**TASK OBJECTIVE**
Would you repeat the listing exactly, without any of its images?

**DATA BLOCK**

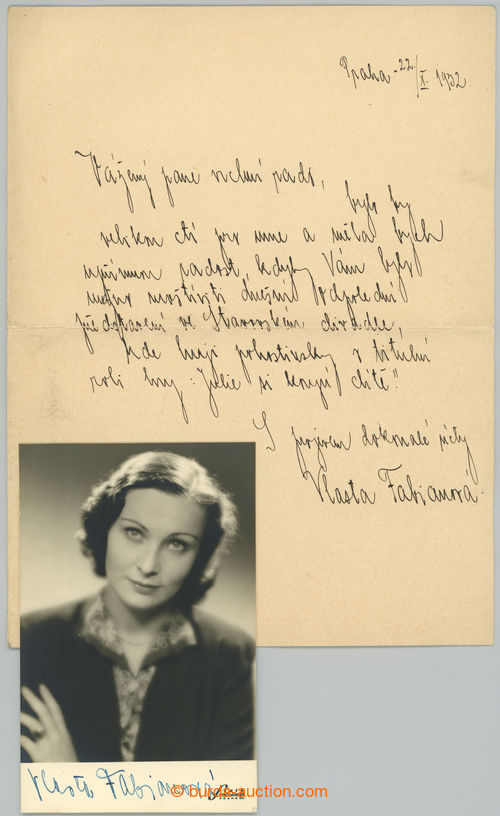 Autographs. FABIANOVA Vlasta (1912-1991), important Czech actress, handwritten pages letter + portrait photo postcard with signature from film Rukavicka, atelier Strominger; perfect condition, decorative (Image) (Image2)
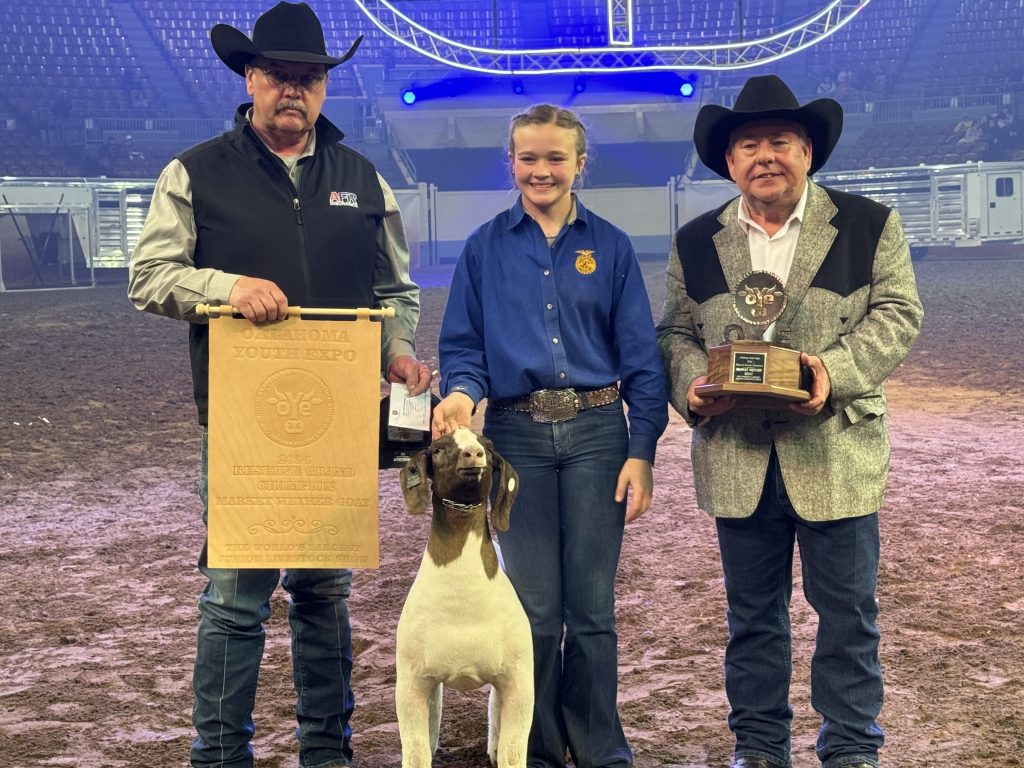 The market goats were all shown on Wednesday at the OYE, and the division winners lined up on Thursday night at the 2024 Oklahoma Youth Expo as a champion, reserve champion and bronze champion was selected.
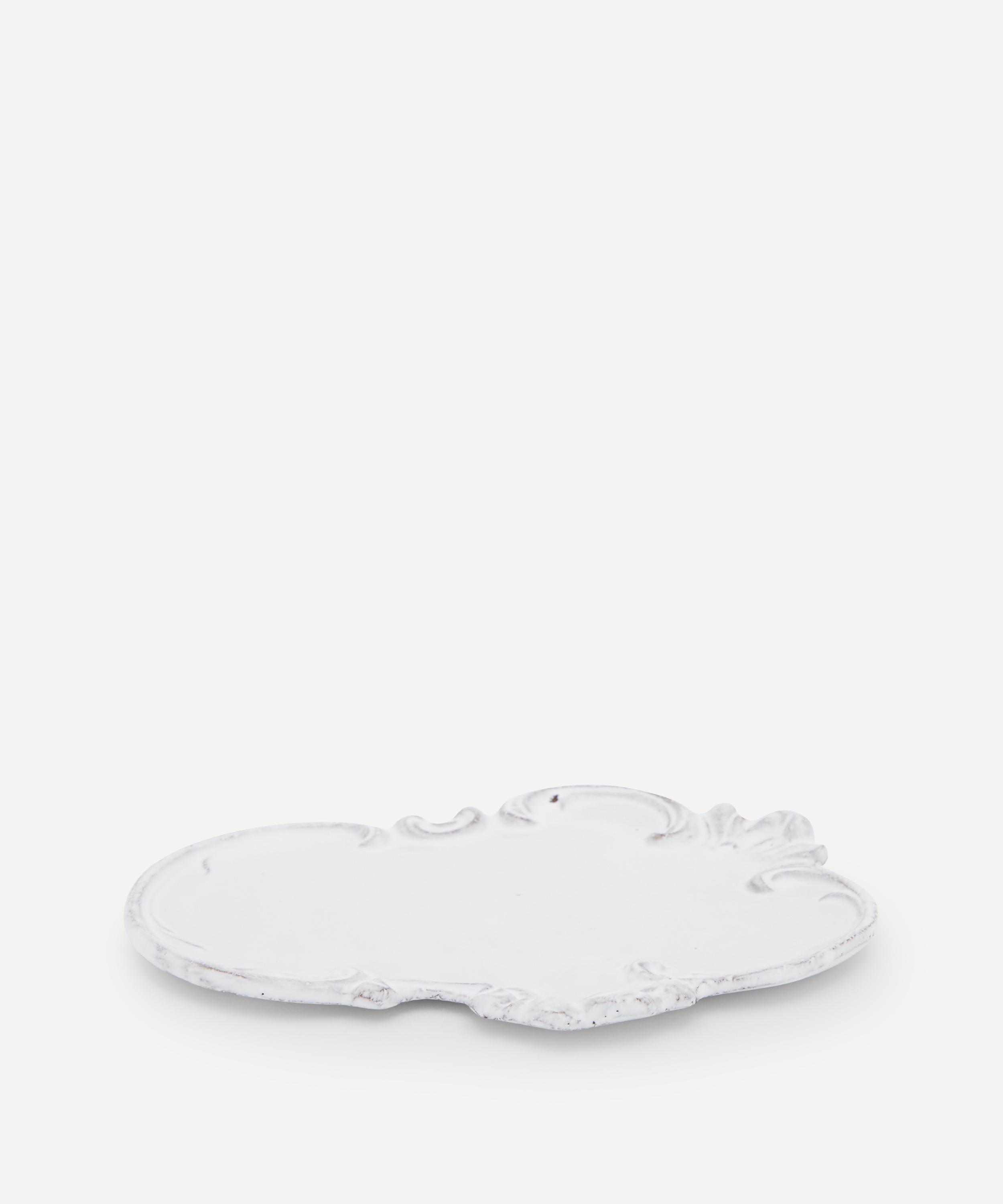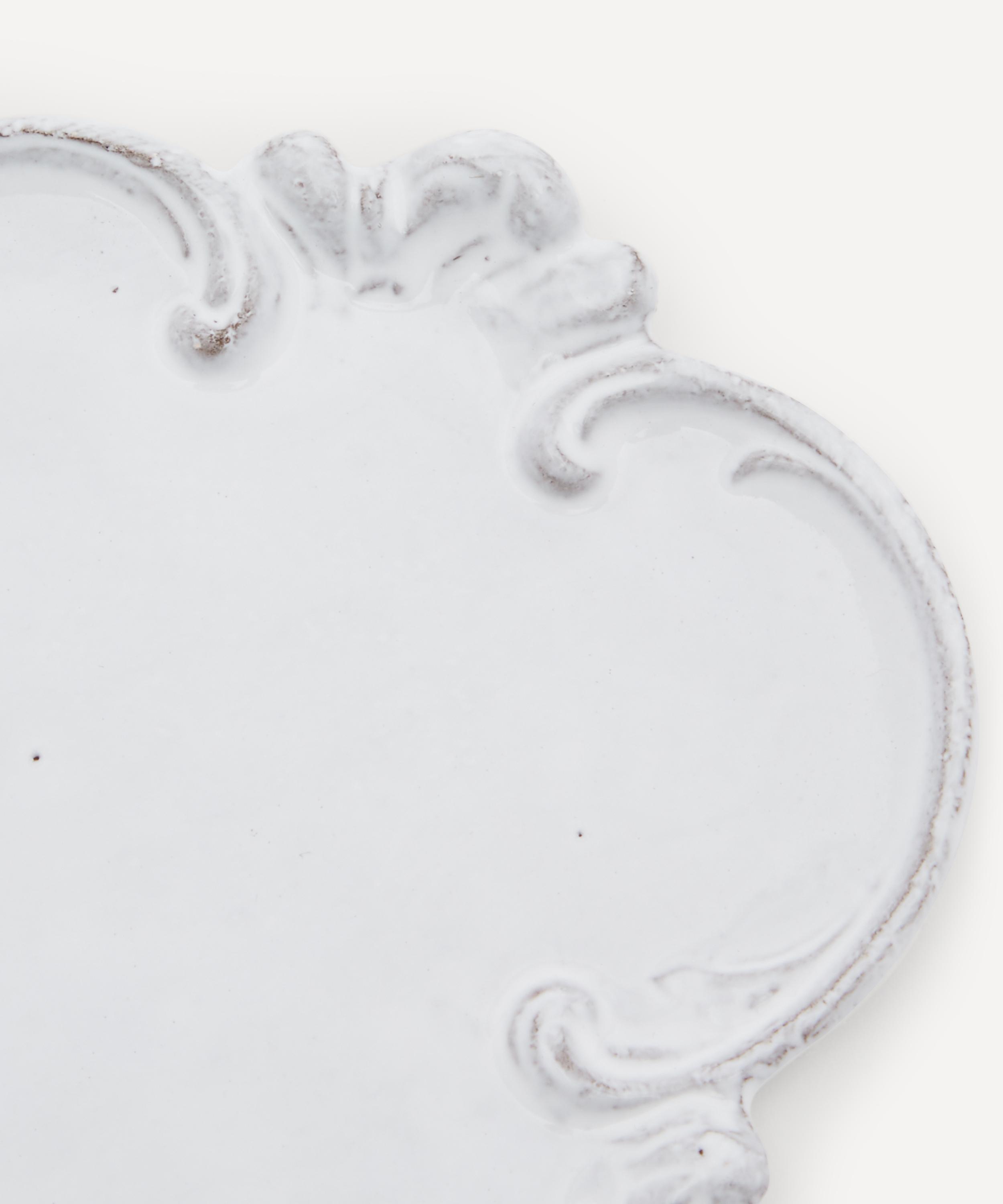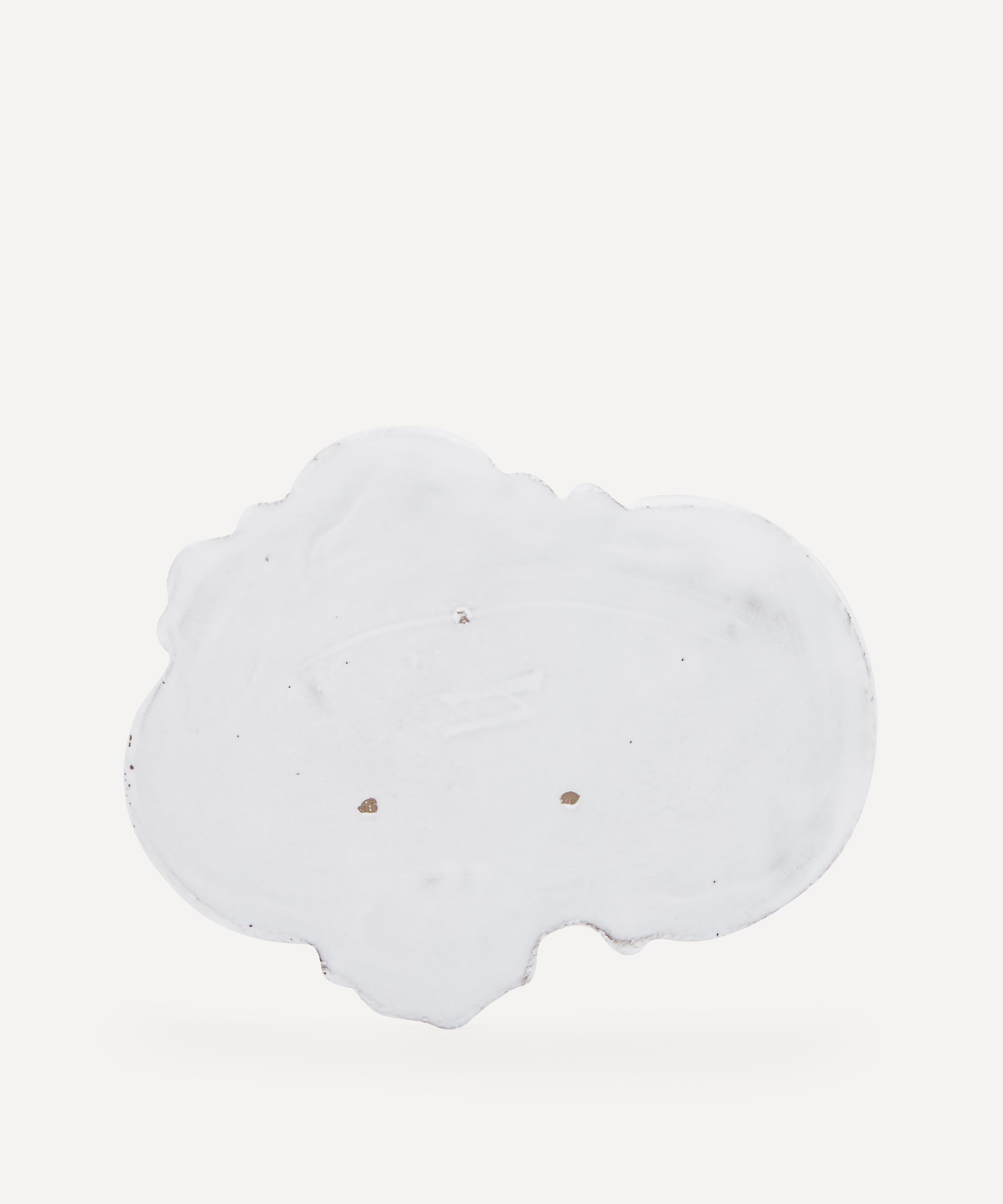 Votary of pre-industrial fabrication, Astier de Villatte is celebrated for being the one and only studio in Paris to hold and harbour the traditions of artisanal ceramic production. Restoring the ancestral systems of moulding and stamping, this dish is made using techniques from the Middle Ages which involve moulding a handmade sheet of clay, double firing the ‘biscuit’ piece and glazing the product in white enamel – a lengthy process that involves a drying time of up to one month. Characterised by a country-inspired antique silhouette, the decorative side dish is engraved with the brand’s signature crest - depicting an interlacing A & V - alongside the initials of one of the 40 master artisans who created it. Arrange with other serveware in the collection to breathe an air of authenticity into your dining collection.
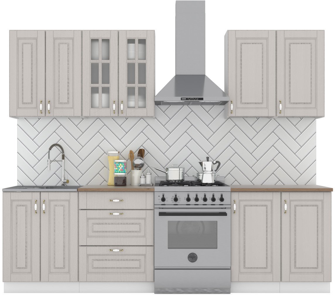 линейная, длина 200 см, ширина 60 см, каркас ЛДСП, фасад МДФ пленочный, установка мойки: накладная мойка, ширина шкафа под мойку 60 см

**RESULT**
 Autographs. FABIANOVA Vlasta (1912-1991), important Czech actress, handwritten pages letter + portrait photo postcard with signature from film Rukavicka, atelier Strominger; perfect condition, decorative (Image) (Image2)
 The market goats were all shown on Wednesday at the OYE, and the division winners lined up on Thursday night at the 2024 Oklahoma Youth Expo as a champion, reserve champion and bronze champion was selected.
 Votary of pre-industrial fabrication, Astier de Villatte is celebrated for being the one and only studio in Paris to hold and harbour the traditions of artisanal ceramic production. Restoring the ancestral systems of moulding and stamping, this dish is made using techniques from the Middle Ages which involve moulding a handmade sheet of clay, double firing the ‘biscuit’ piece and glazing the product in white enamel – a lengthy process that involves a drying time of up to one month. Characterised by a country-inspired antique silhouette, the decorative side dish is engraved with the brand’s signature crest - depicting an interlacing A & V - alongside the initials of one of the 40 master artisans who created it. Arrange with other serveware in the collection to breathe an air of authenticity into your dining collection.
 линейная, длина 200 см, ширина 60 см, каркас ЛДСП, фасад МДФ пленочный, установка мойки: накладная мойка, ширина шкафа под мойку 60 см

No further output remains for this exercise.